◆ **What is expected**: Only the lines from the beginning of the material below through the line with "Figura 2. Frequência" should be retyped exactly, and pictures are to be skipped.

[Opening Records to process section]

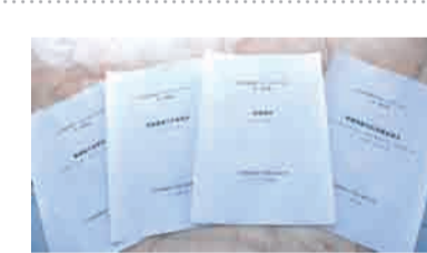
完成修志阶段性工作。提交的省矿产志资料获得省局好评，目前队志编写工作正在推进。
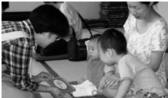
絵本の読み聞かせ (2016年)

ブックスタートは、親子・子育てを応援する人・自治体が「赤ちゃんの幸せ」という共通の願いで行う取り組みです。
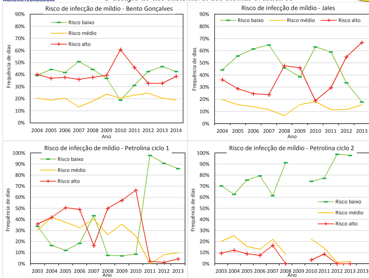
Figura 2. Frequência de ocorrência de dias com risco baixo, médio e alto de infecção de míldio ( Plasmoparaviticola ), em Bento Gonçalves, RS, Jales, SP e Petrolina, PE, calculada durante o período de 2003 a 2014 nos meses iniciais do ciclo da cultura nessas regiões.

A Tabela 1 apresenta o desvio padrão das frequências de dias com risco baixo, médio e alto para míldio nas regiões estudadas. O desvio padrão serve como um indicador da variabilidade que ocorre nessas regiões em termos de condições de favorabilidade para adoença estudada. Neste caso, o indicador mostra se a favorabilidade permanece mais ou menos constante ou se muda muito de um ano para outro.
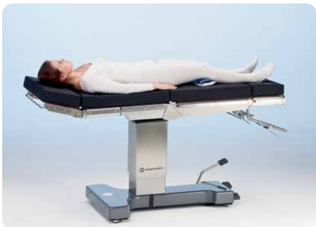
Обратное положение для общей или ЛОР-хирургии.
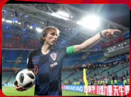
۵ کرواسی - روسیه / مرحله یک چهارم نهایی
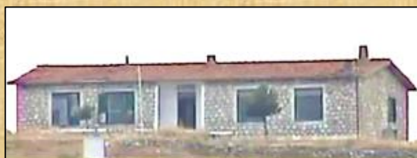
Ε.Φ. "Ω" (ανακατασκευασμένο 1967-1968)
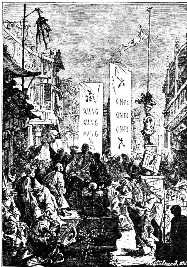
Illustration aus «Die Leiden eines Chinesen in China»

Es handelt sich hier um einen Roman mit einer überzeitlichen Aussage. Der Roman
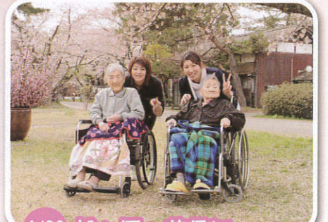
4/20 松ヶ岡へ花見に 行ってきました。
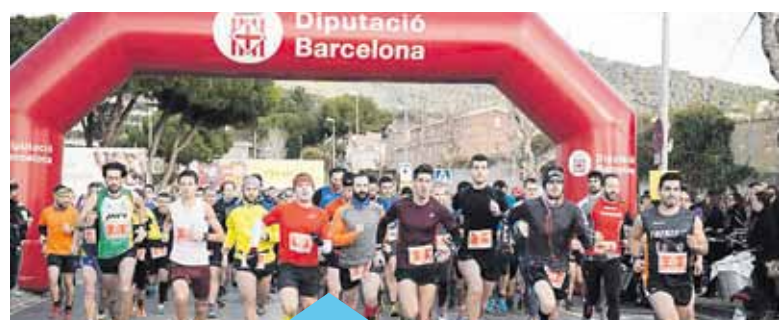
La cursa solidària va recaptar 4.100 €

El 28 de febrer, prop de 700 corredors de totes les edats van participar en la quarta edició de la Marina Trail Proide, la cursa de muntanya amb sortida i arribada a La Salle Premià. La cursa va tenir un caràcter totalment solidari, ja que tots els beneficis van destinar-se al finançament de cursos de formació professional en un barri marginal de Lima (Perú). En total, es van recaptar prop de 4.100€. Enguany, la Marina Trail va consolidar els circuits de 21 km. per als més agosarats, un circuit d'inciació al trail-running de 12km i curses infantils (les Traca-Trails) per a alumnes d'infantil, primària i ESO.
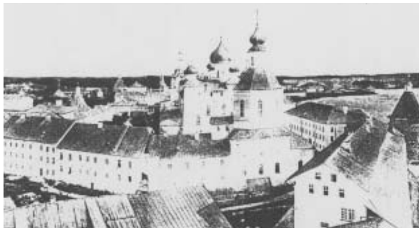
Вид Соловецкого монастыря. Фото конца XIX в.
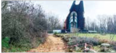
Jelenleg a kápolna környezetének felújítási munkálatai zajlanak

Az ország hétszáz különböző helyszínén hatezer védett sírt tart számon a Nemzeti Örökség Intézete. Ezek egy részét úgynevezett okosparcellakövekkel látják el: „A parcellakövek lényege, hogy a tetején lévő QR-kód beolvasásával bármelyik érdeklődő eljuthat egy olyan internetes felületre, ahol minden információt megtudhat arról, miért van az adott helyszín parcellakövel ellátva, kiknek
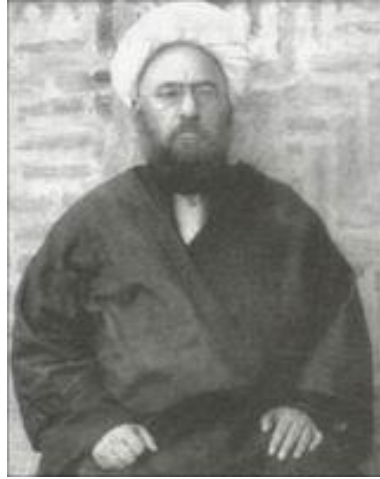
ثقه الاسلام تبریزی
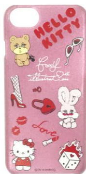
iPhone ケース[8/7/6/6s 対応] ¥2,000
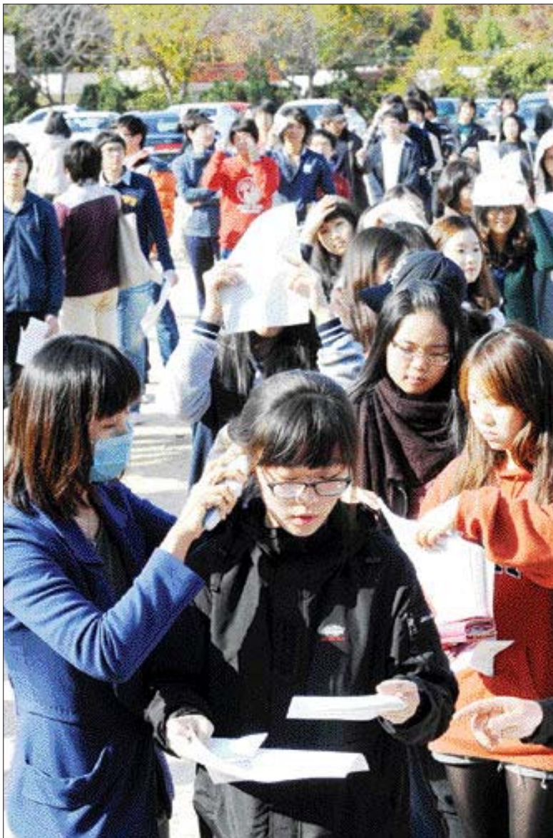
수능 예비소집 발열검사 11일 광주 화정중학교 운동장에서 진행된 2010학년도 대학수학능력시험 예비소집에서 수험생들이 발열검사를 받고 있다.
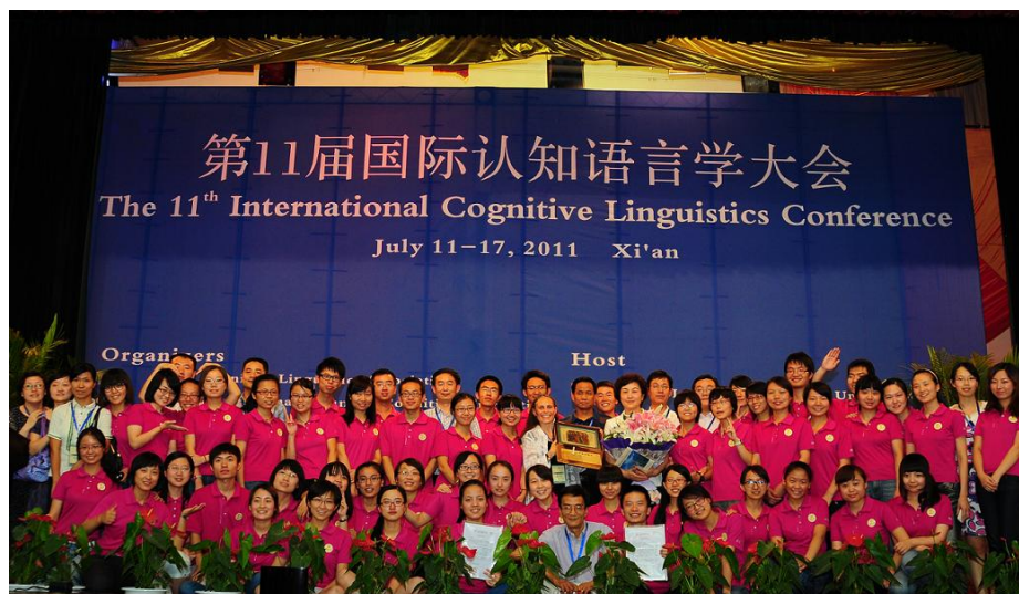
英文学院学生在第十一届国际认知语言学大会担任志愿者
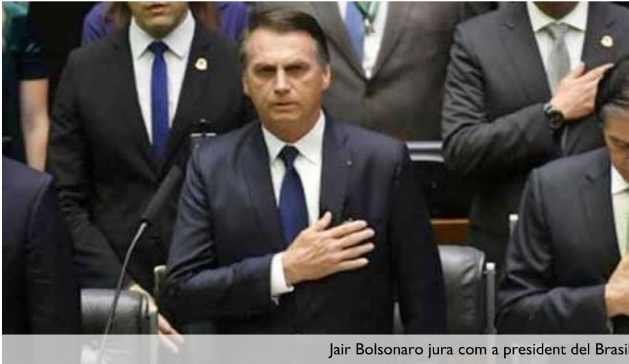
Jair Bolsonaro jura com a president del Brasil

[Closing Records to process section]

◆ **Your response**:
完成修志阶段性工作。提交的省矿产志资料获得省局好评，目前队志编写工作正在推进。
絵本の読み聞かせ (2016年)

ブックスタートは、親子・子育てを応援する人・自治体が「赤ちゃんの幸せ」という共通の願いで行う取り組みです。
Figura 2. Frequência de ocorrência de dias com risco baixo, médio e alto de infecção de míldio ( Plasmoparaviticola ), em Bento Gonçalves, RS, Jales, SP e Petrolina, PE, calculada durante o período de 2003 a 2014 nos meses iniciais do ciclo da cultura nessas regiões.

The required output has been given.